* Directions for this task: Exclude the pictures and retype the entries as written.

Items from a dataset

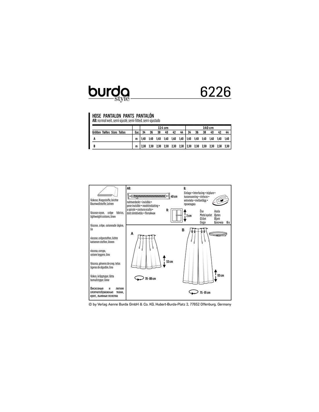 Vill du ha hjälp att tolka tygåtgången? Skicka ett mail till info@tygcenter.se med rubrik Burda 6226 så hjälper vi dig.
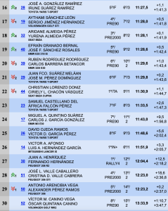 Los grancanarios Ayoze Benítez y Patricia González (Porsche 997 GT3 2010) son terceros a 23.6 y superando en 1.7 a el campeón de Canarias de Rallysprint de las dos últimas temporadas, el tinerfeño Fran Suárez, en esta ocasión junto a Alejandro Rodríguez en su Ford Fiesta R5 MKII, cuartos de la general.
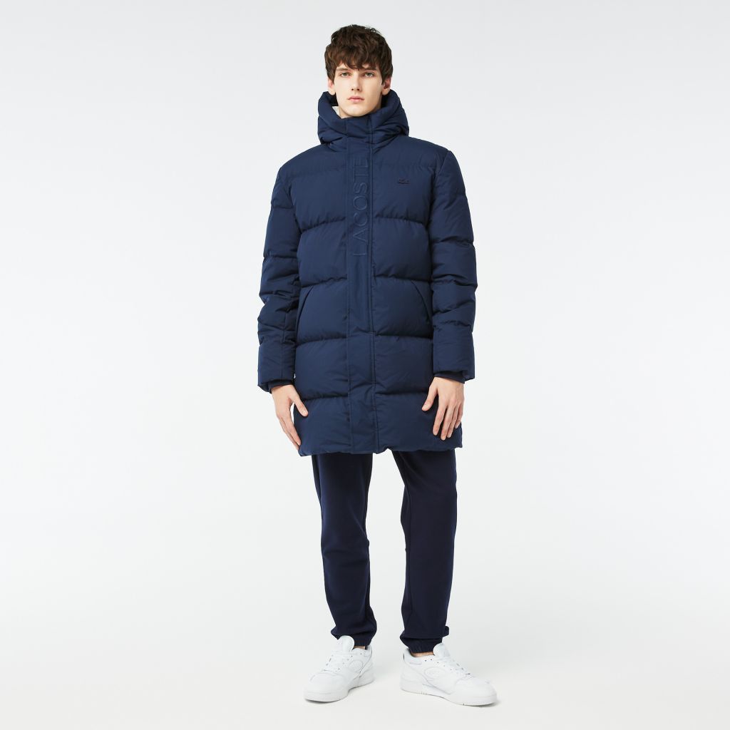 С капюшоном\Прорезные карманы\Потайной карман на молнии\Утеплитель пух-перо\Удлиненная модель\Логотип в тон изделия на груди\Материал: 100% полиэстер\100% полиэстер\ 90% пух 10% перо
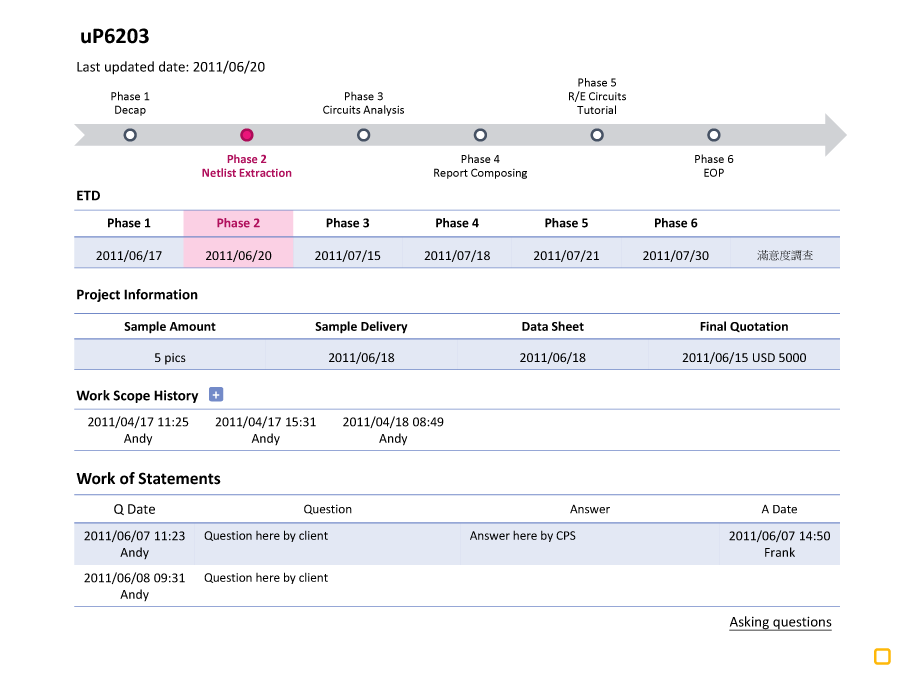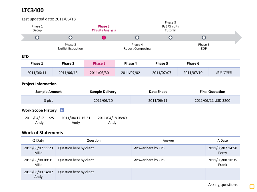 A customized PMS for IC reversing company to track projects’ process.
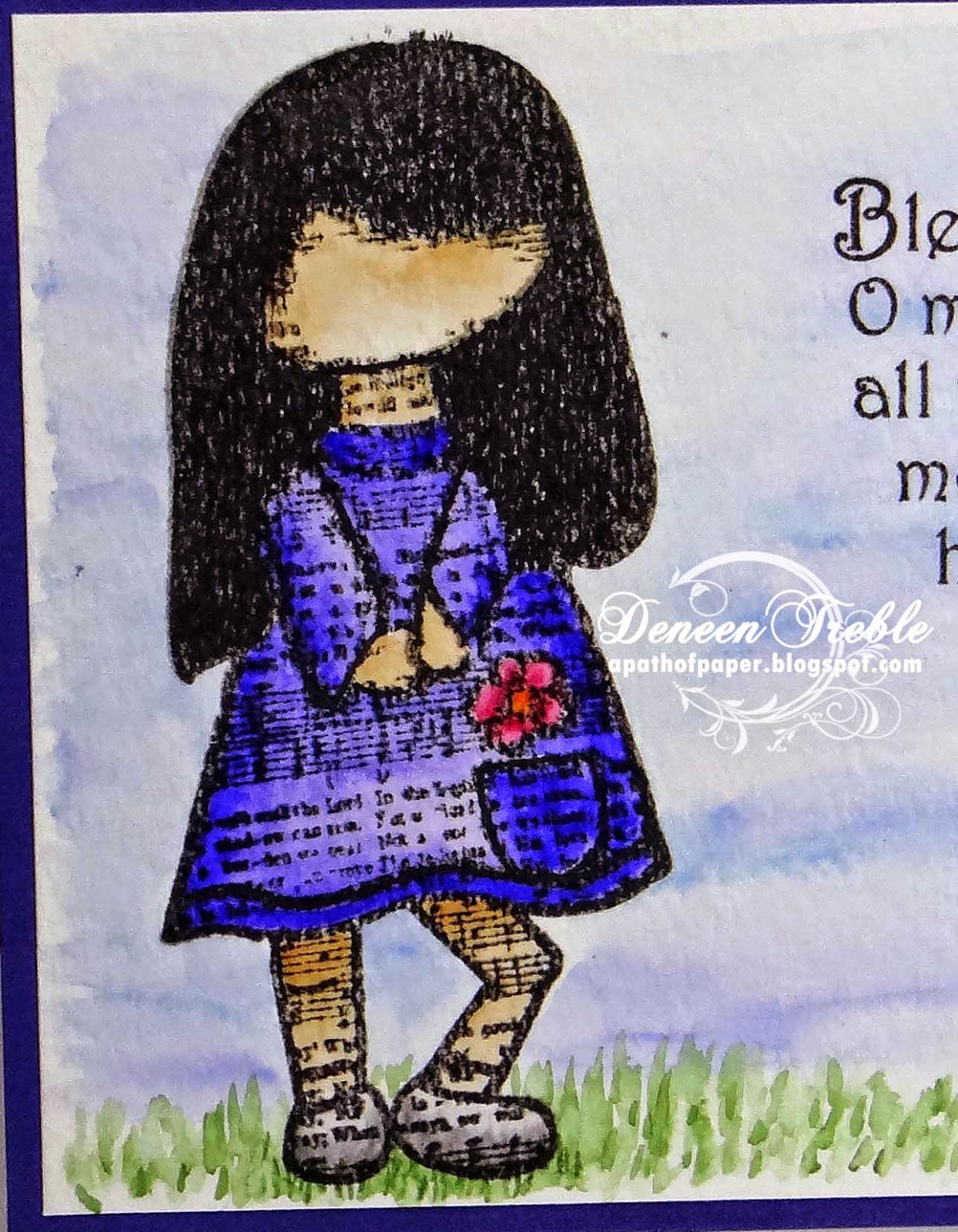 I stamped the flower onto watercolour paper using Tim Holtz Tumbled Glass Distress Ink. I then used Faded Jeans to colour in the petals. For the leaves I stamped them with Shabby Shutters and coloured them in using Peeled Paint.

* Solution to this problem:
 Vill du ha hjälp att tolka tygåtgången? Skicka ett mail till info@tygcenter.se med rubrik Burda 6226 så hjälper vi dig.
 Los grancanarios Ayoze Benítez y Patricia González (Porsche 997 GT3 2010) son terceros a 23.6 y superando en 1.7 a el campeón de Canarias de Rallysprint de las dos últimas temporadas, el tinerfeño Fran Suárez, en esta ocasión junto a Alejandro Rodríguez en su Ford Fiesta R5 MKII, cuartos de la general.
 С капюшоном\Прорезные карманы\Потайной карман на молнии\Утеплитель пух-перо\Удлиненная модель\Логотип в тон изделия на груди\Материал: 100% полиэстер\100% полиэстер\ 90% пух 10% перо
 A customized PMS for IC reversing company to track projects’ process.
 I stamped the flower onto watercolour paper using Tim Holtz Tumbled Glass Distress Ink. I then used Faded Jeans to colour in the petals. For the leaves I stamped them with Shabby Shutters and coloured them in using Peeled Paint.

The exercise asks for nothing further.